I followed instruction from:
I paste hereby my current hardware situation:
Docker version 28.2.2
ii nvidia-container-toolkit 1.17.8-1 amd64 NVIDIA Container toolkit
±----------------------------------------------------------------------------------------+
| NVIDIA-SMI 570.133.20 Driver Version: 570.133.20 CUDA Version: 12.8 |
|-----------------------------------------±-----------------------±---------------------+
| GPU Name Persistence-M | Bus-Id Disp.A | Volatile Uncorr. ECC |
| Fan Temp Perf Pwr:Usage/Cap | Memory-Usage | GPU-Util Compute M. |
| | | MIG M. |
|=========================================+========================+======================|
| 0 NVIDIA H100 NVL On | 00000000:C9:00.0 Off | 0 |
| N/A 38C P0 61W / 400W | 0MiB / 95830MiB | 0% Default |
| | | Disabled |
±----------------------------------------±-----------------------±---------------------+
| 1 NVIDIA H100 NVL On | 00000000:E1:00.0 Off | 0 |
| N/A 38C P0 62W / 400W | 0MiB / 95830MiB | 0% Default |
| | | Disabled |
±----------------------------------------±-----------------------±---------------------+
Everything respect the requirements in the guide. However, the model raise OOM issue even with small sequence (150k).
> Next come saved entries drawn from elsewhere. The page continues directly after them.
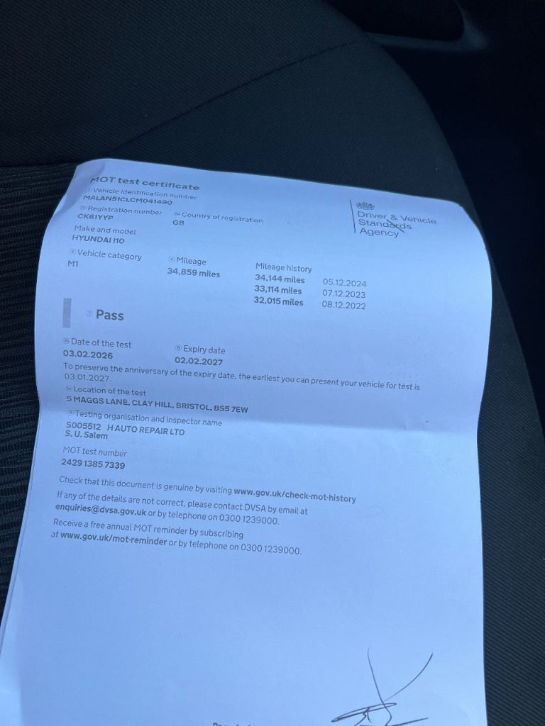 Hyundai i10 2012 1.2 Petrol Ulez free. Very low mileage only 34965 family owned car didn’t drive lot must of time was parked.
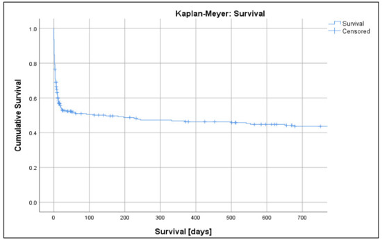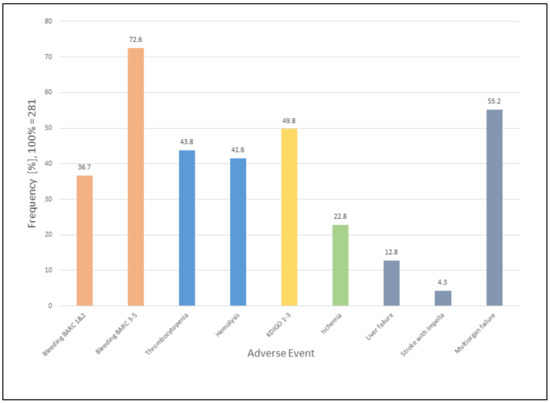 Over the nine-year studied period (2011–2019), a total of 281 patients received LV mechanical support with the Impella® (Table 1). The most common indication for Impella® insertion was ischemic CS (70%). One patient received an Impella® twice within a few days. The median SAPS II score was 53 (IQR, 37–68) in survivors and 70 (IQR, 54–83) in non-survivors. The SAPS II score was higher in patients who died during their hospitalisation than in those who died after hospital discharge (73 (IQR, 60–85) and 54 (IQR, 42.3–72.3), respectively). Median duration of Impella® support was 72 h (IQR, 35–121). The maximum duration in one patient was 493 h (20.5 days). A total of 262 patients (93%), experienced an adverse event. With the exclusion of patients without available data on stroke and mortality, 250 out of 269 (93%) experienced an adverse event. Bleeding was the most frequent adverse event, as shown in Table 2 and Figure 1. After excluding bleeding complications, a total of 261 out of 281 patients (93%) suffered an adverse event. After excluding patients without available data on stroke and mortality, 249 out of 256 (96%) suffered an adverse event. Complications and outcome parameters are described in Table 2. Details on adverse events stratified by sex (Table S1) and age categories (Table S2) are shown in the Supplementary Materials. Almost half (48%) of all patients died during hospitalisation and overall mortality was very high with a total of 165 (59%) deceased patients. Of the patients, 43 (15%) died within the first 24 h after Impella® placement, while a total of 95 (34%) patients died within one week. Thirty-day mortality was 46%, while 50.5% of patients had died after one year, as shown in Table 2 and Figure 2.
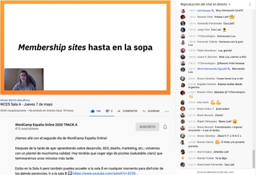 A pesar de que mi charla estaba pregrabada (gracias Fernando por ponerle las cartelas) y que lo único que tenía que hacer ese día era atender a las preguntas del chat de YouTube y en la sala de Zoom, estuve muy nerviosa.
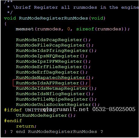 首先注册runmods,运行方式指定suricata获取报文的方式,例如libpcap、netmap、af-packet等,代码如下图所示:
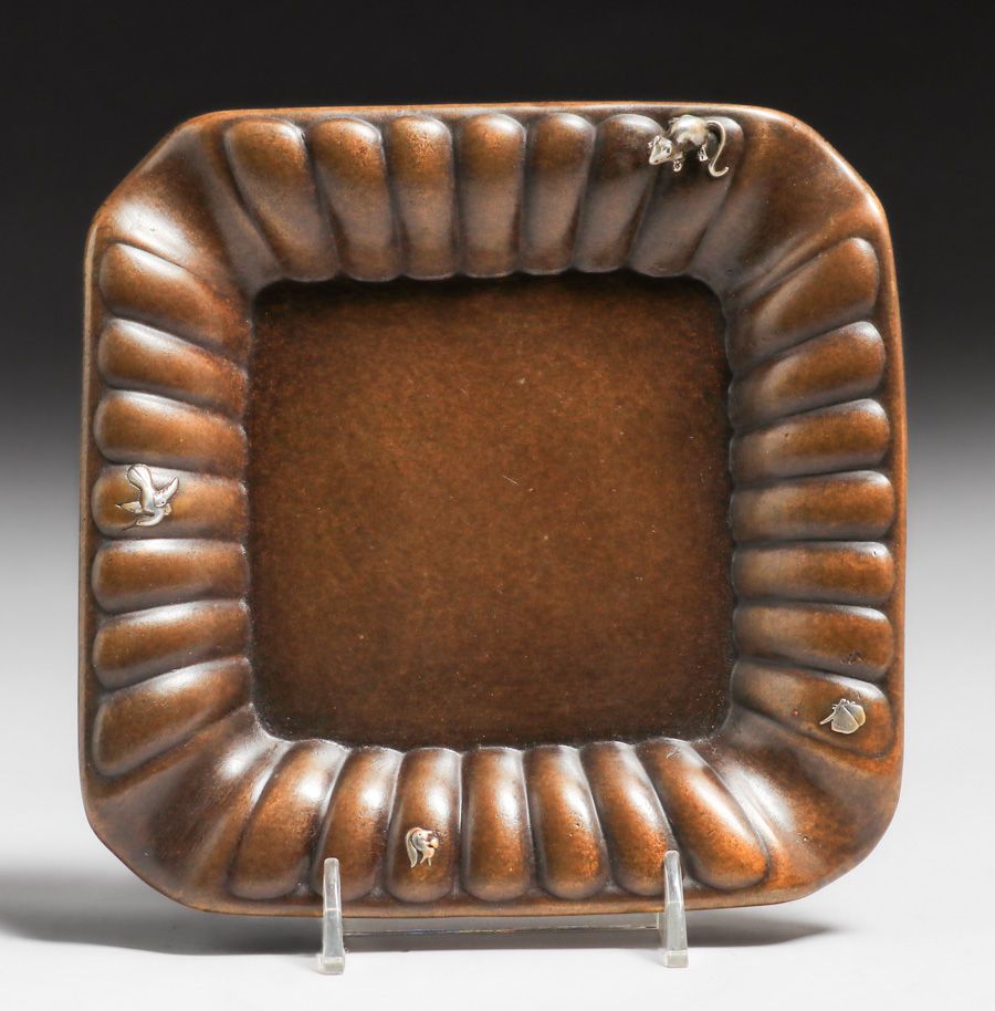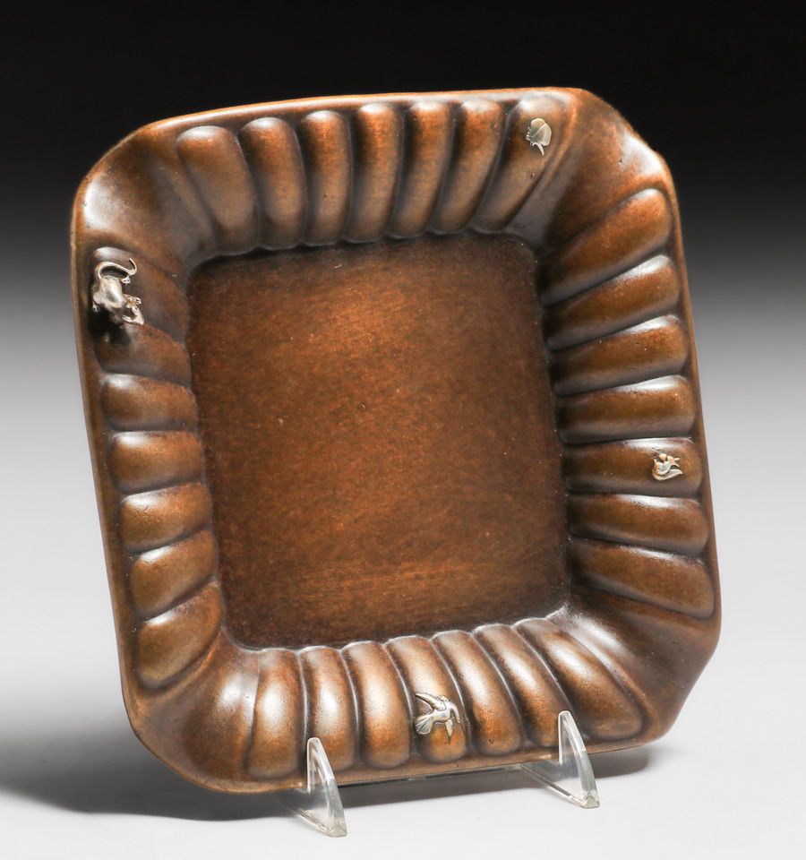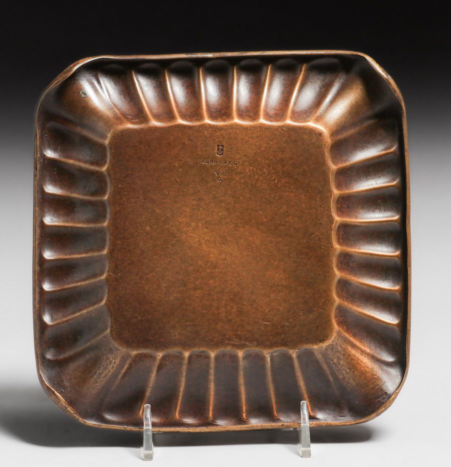 Gorham Hammered Copper & Silver Aesthetic Movement Tray c1890s. Signed. Excellent new patina. 6 3/8" x 6 3/8" SOLD
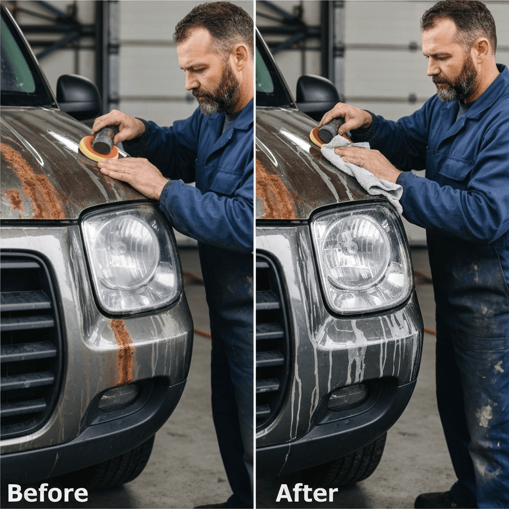 ヘッドライト黄ばみ除去+ボディ鉄粉除去で輝き復活!
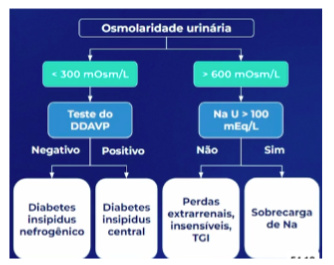 osm urinaria < 300 = teste DDAVP
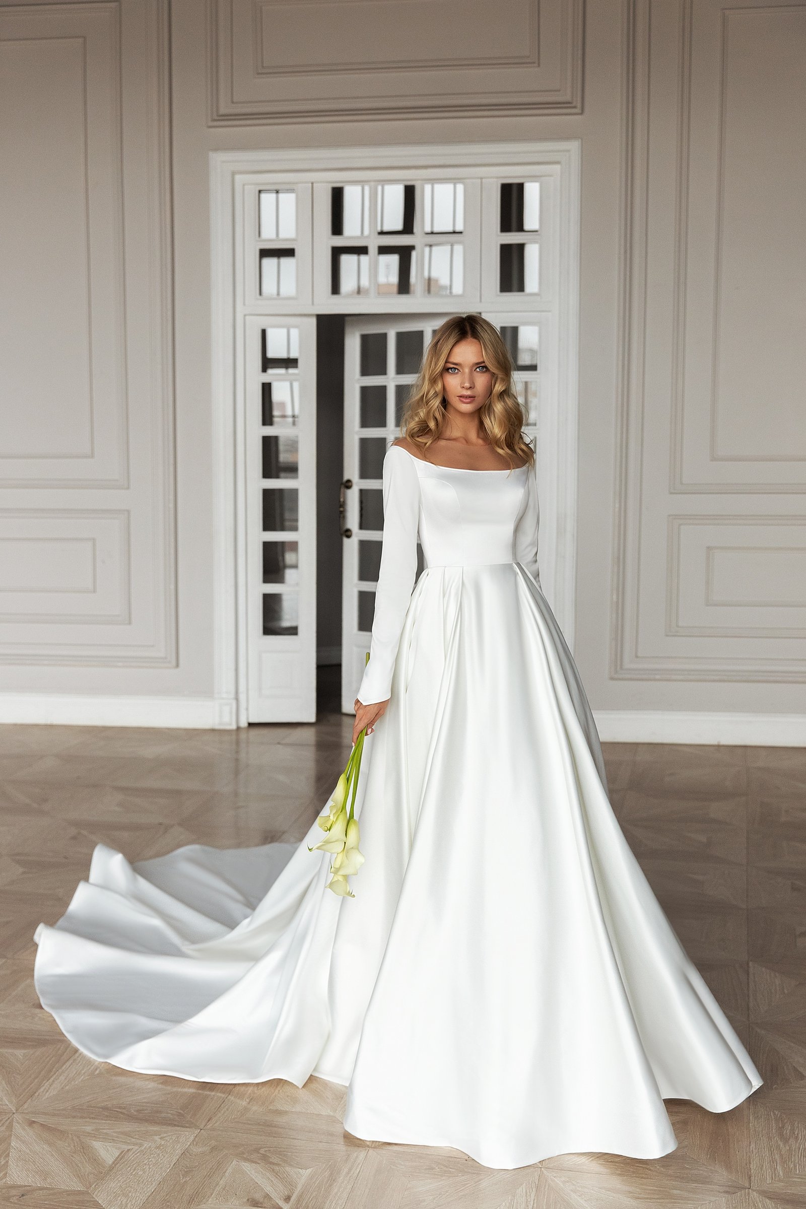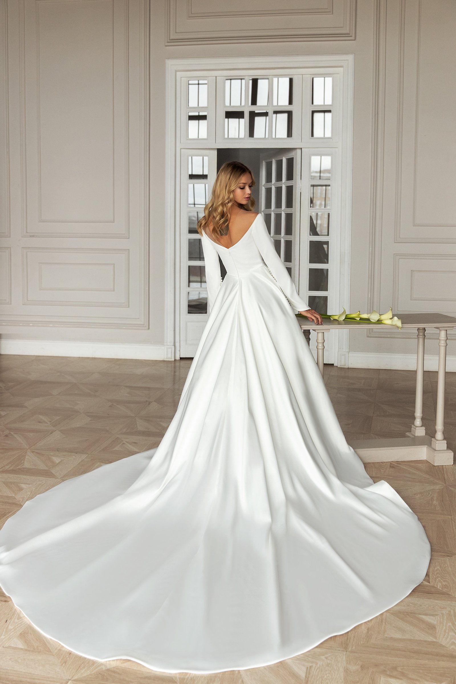 With Dimilia, bridal dreams turn into reality. Its enchanting a-line silhouette, paired with the luxury of satin, stands as a testament to elegance and sophistication. Every detail is a promise of grandeur, ensuring the bride feels like a vision of perfection.

It’s visible the model is distributed over both GPUs, and at inference time, it use both GPUs.
I’m wondering if you are aware of this, if there is any solution, or something I’m missing.
Any response would be really appreciated.
Cause the model works with smaller sequences.
For instance, after they solve the issue with enviroment from github repo, I’m having same issue with small differences:
from docker: → model is 40GB for each GPU (as expected from the guide)
from github repo: → model is 45 GB for GPU (guess some of ur enviroment optimizazion)
HOWEVER, the model from github repo, can process longer sequences (~150k, not more). Is there any explanation of this? Mostly considering the model from github is using even more space before inference?